レビュー本が1000冊を突破しました。
引き続きジャンルを問わず読んだ本をマイペースで紹介してゆきます。

風の中のマリア

風の中のマリア (講談社文庫)

オオスズメバチ(学名:ヴェスパ・マンダリニア)。

昆虫の頂点に立つ獰猛な捕食者であり、人間にとっても危険な生物です。

本書はスズメバチのワーカー(働きバチ)を擬人化した"マリア"を主人公にしています。
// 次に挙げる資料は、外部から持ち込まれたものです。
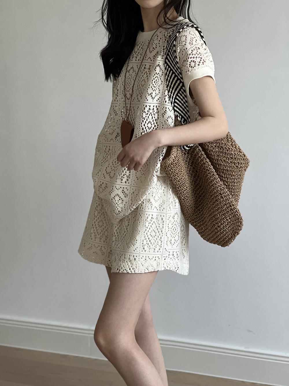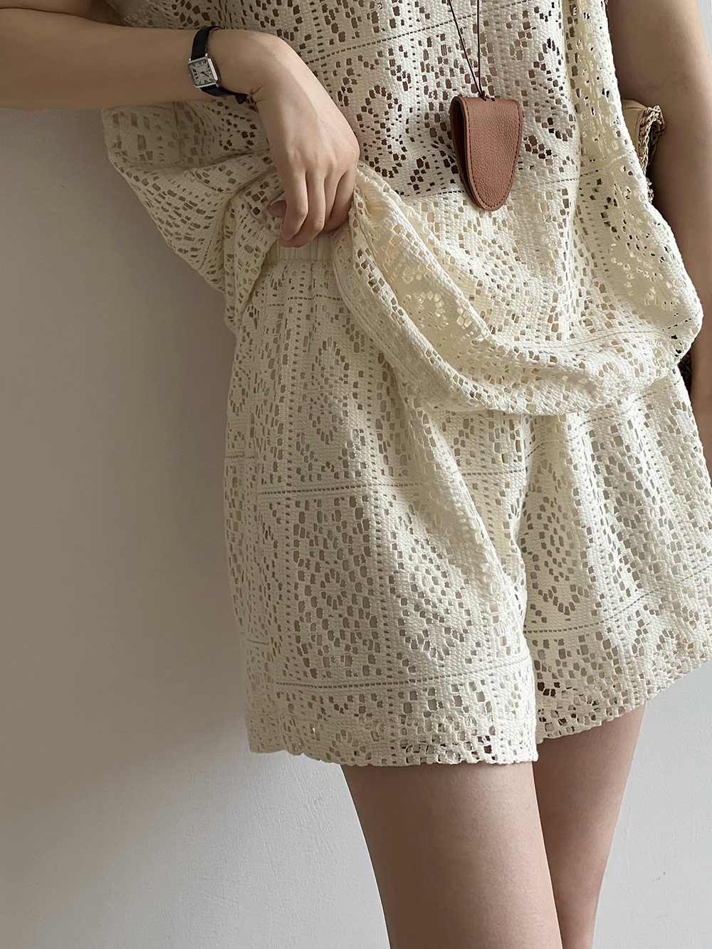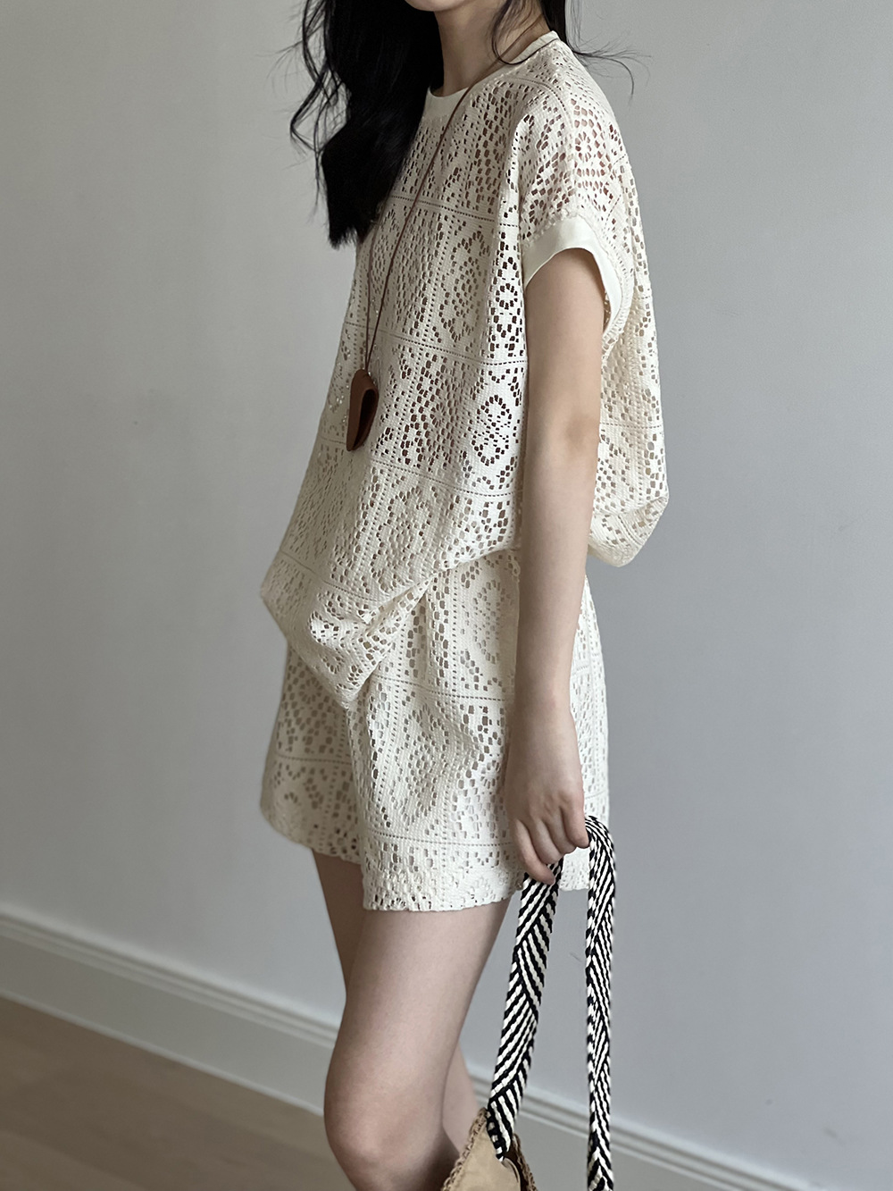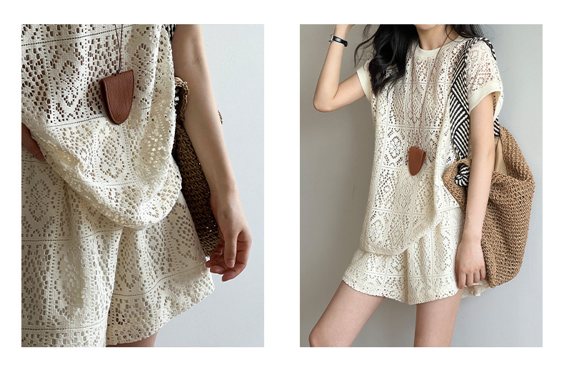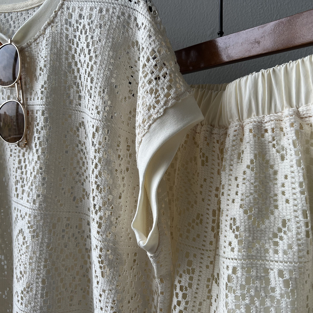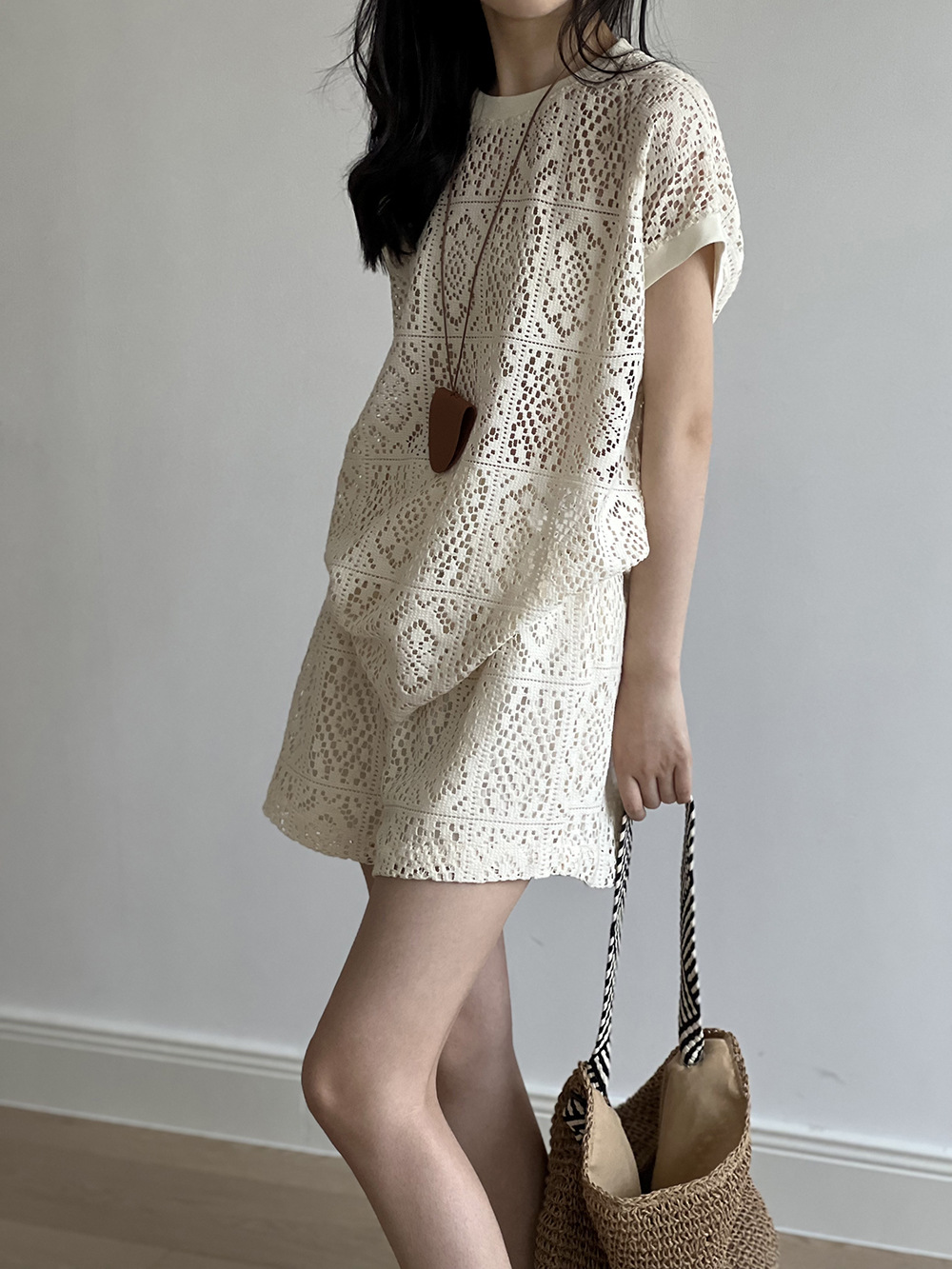 캐주얼 루즈핏 홀로우 아웃 세트 여성 여름 디자인 센스 라운드 넥 티셔츠 하이웨이스트 반바지

マリアのワーカーとしての仕事は、幼虫のエサとなる昆虫を捕獲するハンターです。

スズメバチにとって無抵抗にも等しい昆虫もいれば、時には同類のスズメバチ、カマキリやオニヤンマといった危険な武器を持った昆虫さえも狩りの対象にしなければなりません。

そしてワーカーの寿命はたったの30日

つまり主人公マリアの一生も30日であり、本書はそんなオオスズメバチの生涯を物語にするといった面白い手法で書かれています。

当然のように擬人化されたオオスズメバチは物語の中で喋ることもあれば思考することもあります。

オオスズメバチたちが自らの遺伝子(染色体)について話し出したときは少々驚きましたが、幼虫から成虫になるまで、狩りの方法、そして何よりも女王バチが1から""という名の帝国を築いて、やがて滅びるまでの過程を壮大な物語として読むことで自然に知識を得ることができます。


オオスズメバチに猛毒があることは知っていても、その生態系については殆ど知らない人が多いのではないでしょうか。

全体的には子ども向けを意識した描写で書かれているため、中学生が読んでも充分楽しめますし、小学高学年でも読めるのではないでしょうか。

もちろん大人が読んでも知的好奇心を充分に満足させてくれる出来栄えです。

人気作家の百田尚樹氏が手掛けただけあってストーリーも無難にまとまっており、夏休みの読書に最適な1冊です。